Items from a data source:
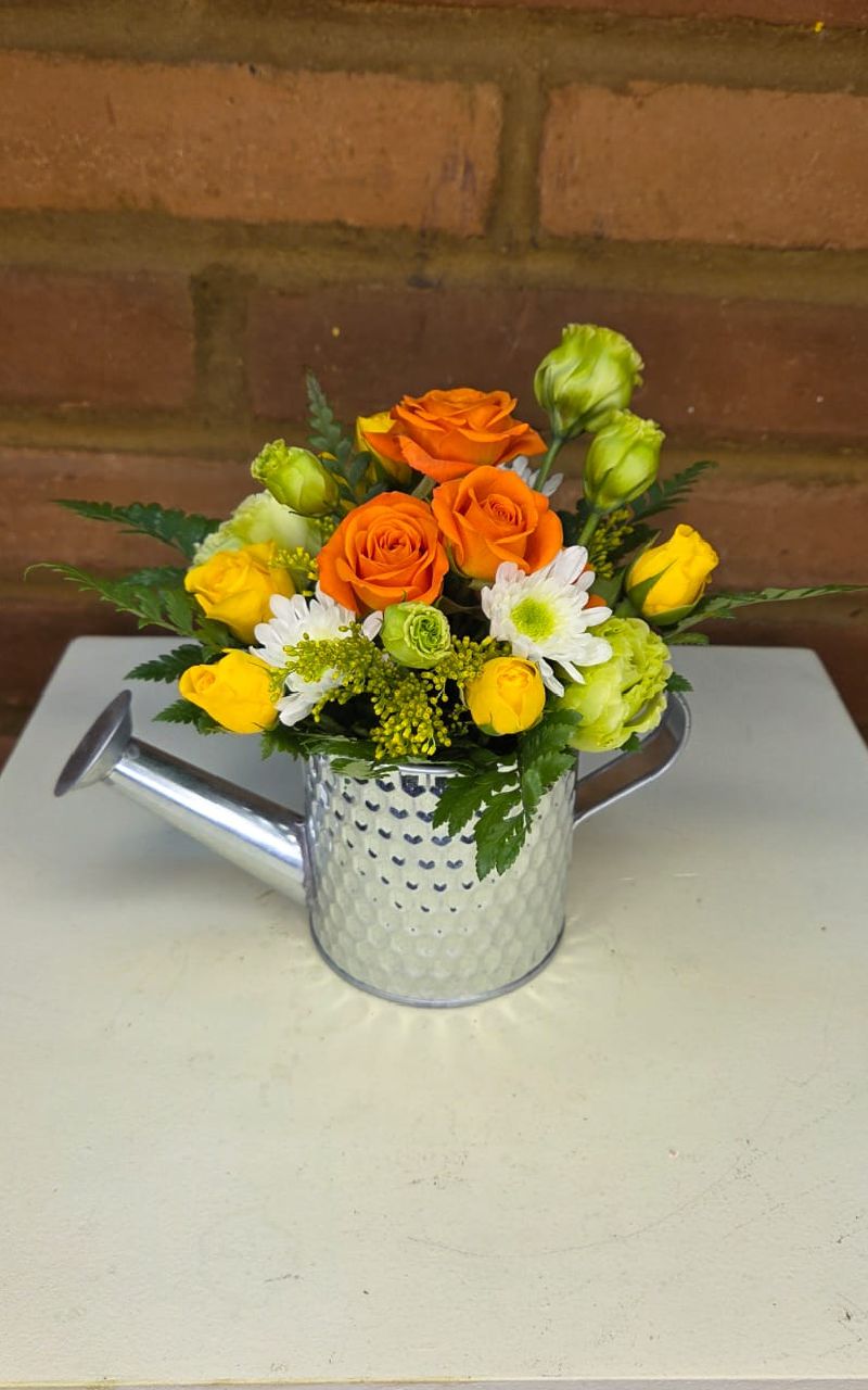 ARREGLO EN BASE REGADERA LISIANTHUS Y MINIROSA
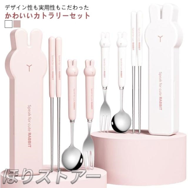 カトラリーセット お弁当 おしゃれ かわいい カトラリー 食器セット 3本セット コンビセット 兎 可愛い 子供 シンプル 雰囲気 収納 食器 ケース付き キャンプ 通勤 通学 高級感 学生 大人 箸 スプーン フォーク 持ち運び ランチ 旅行 アウトドア プレゼント ギフト 送料無料
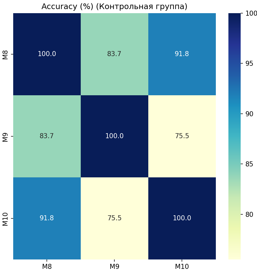 Далее проводилось попарное сравнение матриц переходов внутри групп: экспериментально и контрольной. Затем результаты сравнения усреднялись внутри групп и сравнивались.
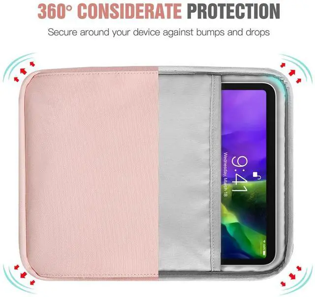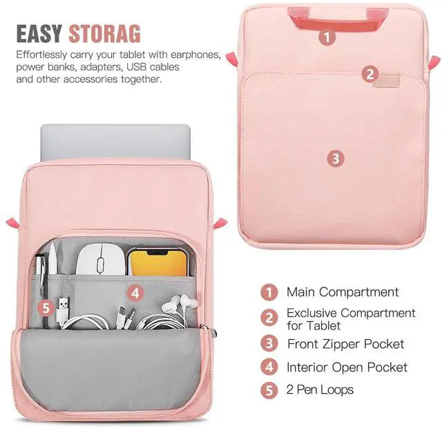 Features: With waterproof exterior and soft fleece interior to protect against water, dust, scratch, bumps, and cosmetic damage. Two-way zip closure keeps your tablet secure and allows for easy and quick access. Built with an adjustable shoulder strap for you to carry outside easily. Perfect for carry while on-the-go, business or travel. And with the compact size and light weight, you can also transport inside your backpack or briefcase. Multiple compartments offer enough space for your precious tablet and accessories like cables, mouse, earphone, notes, wallet, cards and more small items. Minimal and trendy style.
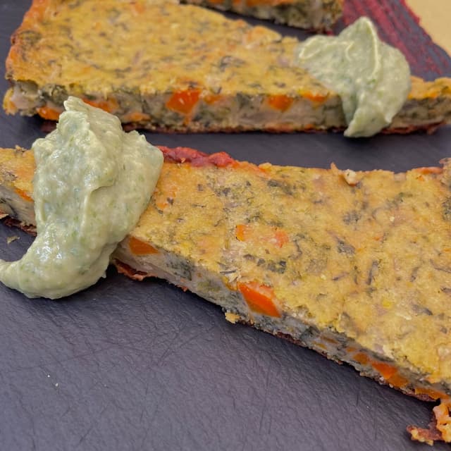 Buonissima farifrittata di ceci con cipolle, bietole, carote e crema di sedano e cannellini.
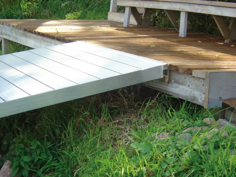 Available 4’x8′, 5’x8′ and 6’x8′ sections are connected end to end and side to side by Pier Pleasure’s unique interlocking hinge. The first sections can form a ramp up or down allowing the dock system to adapt to any shoreline.
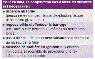 Dans certains cas qui doivent rester très exceptionnels et après concertation entre le COS et le responsable du Gaz de France sur place, il peut être nécessaire de procéder à l’extinction alors même que la fuite n’est pas encore arrêtée.
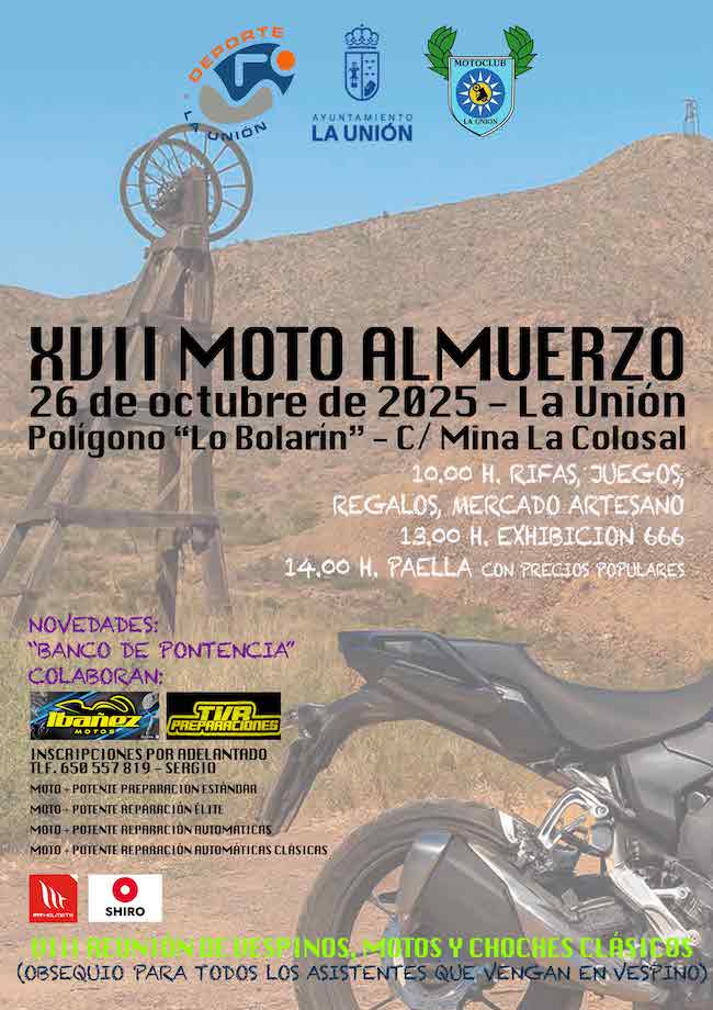 La Unión volverá a rugir con el motor el último domingo de octubre con la celebración de la décimo séptima edición del gran encuentro motero organizado en el polígono industrial Lo Bolarín por el Moto Club La Unión, en colaboración con el Ayuntamiento de La Unión. También acogerá la VIII reunión de vespinos, motos y coches clásicos.
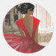 Mulher linda de vermelho! Vestido para impressionar para qualquer ocasião de feriado. Esta ilustração parcimoniosa é o presente perfeito.
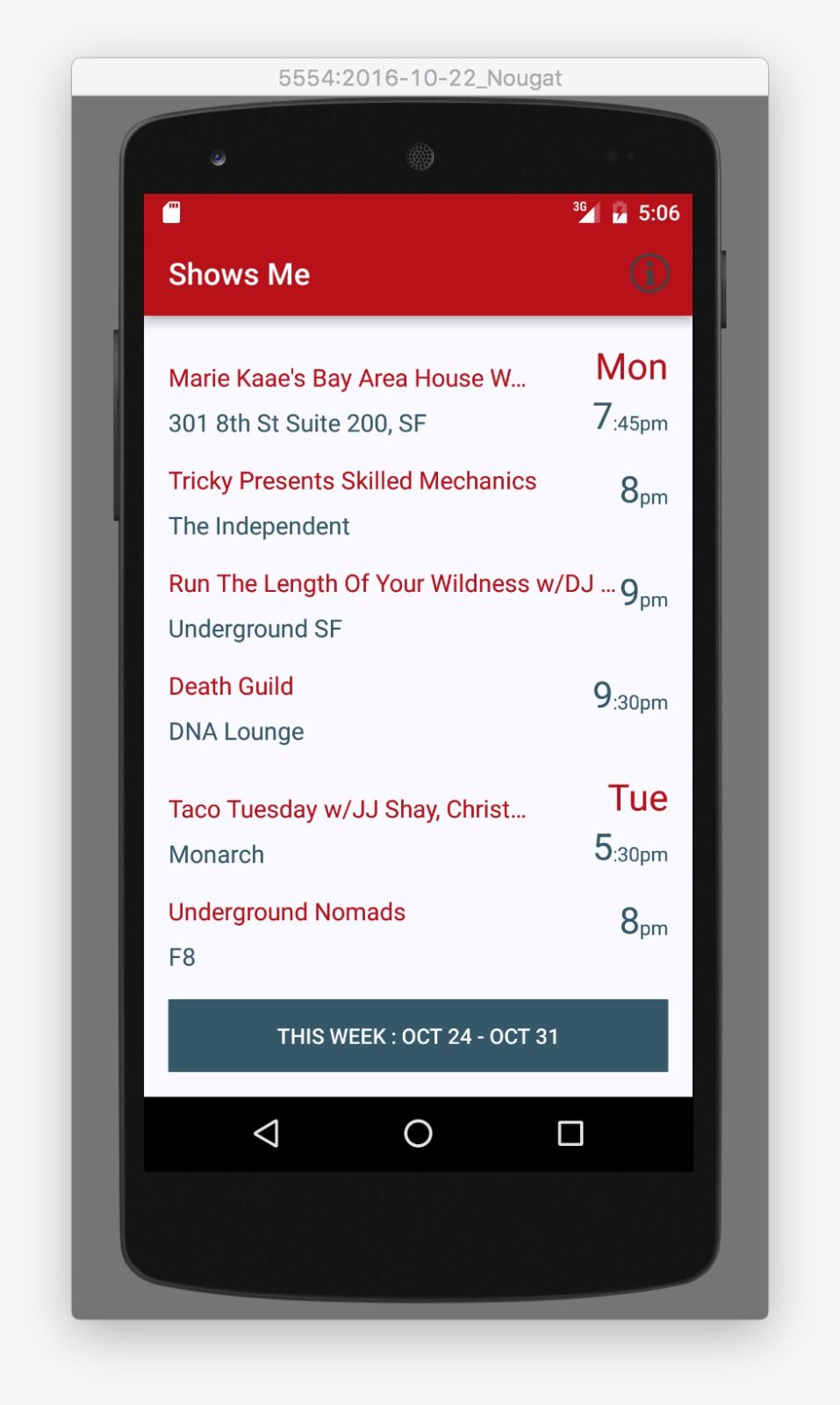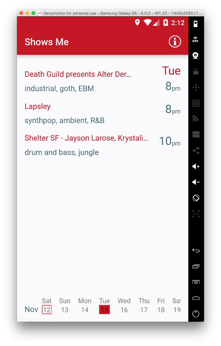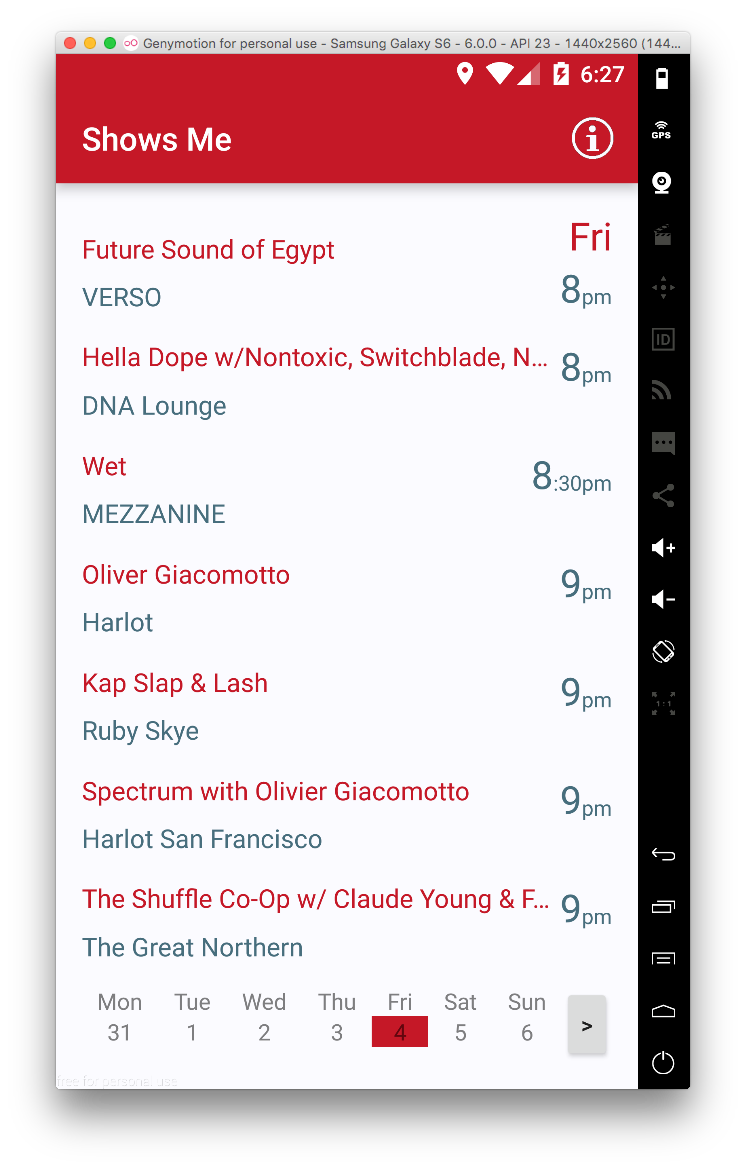 - Broke up events by this week vs next week. This was to eliminate the need for a date selector, while addressing the app’s main use case: “What’s going on this weekend?”

What the task requires: Write out a verbatim copy of the lines from the line that contains "Mulher linda de" through the end of the entries above; pictures are not copied.

Exercise response:
 Mulher linda de vermelho! Vestido para impressionar para qualquer ocasião de feriado. Esta ilustração parcimoniosa é o presente perfeito.
 - Broke up events by this week vs next week. This was to eliminate the need for a date selector, while addressing the app’s main use case: “What’s going on this weekend?”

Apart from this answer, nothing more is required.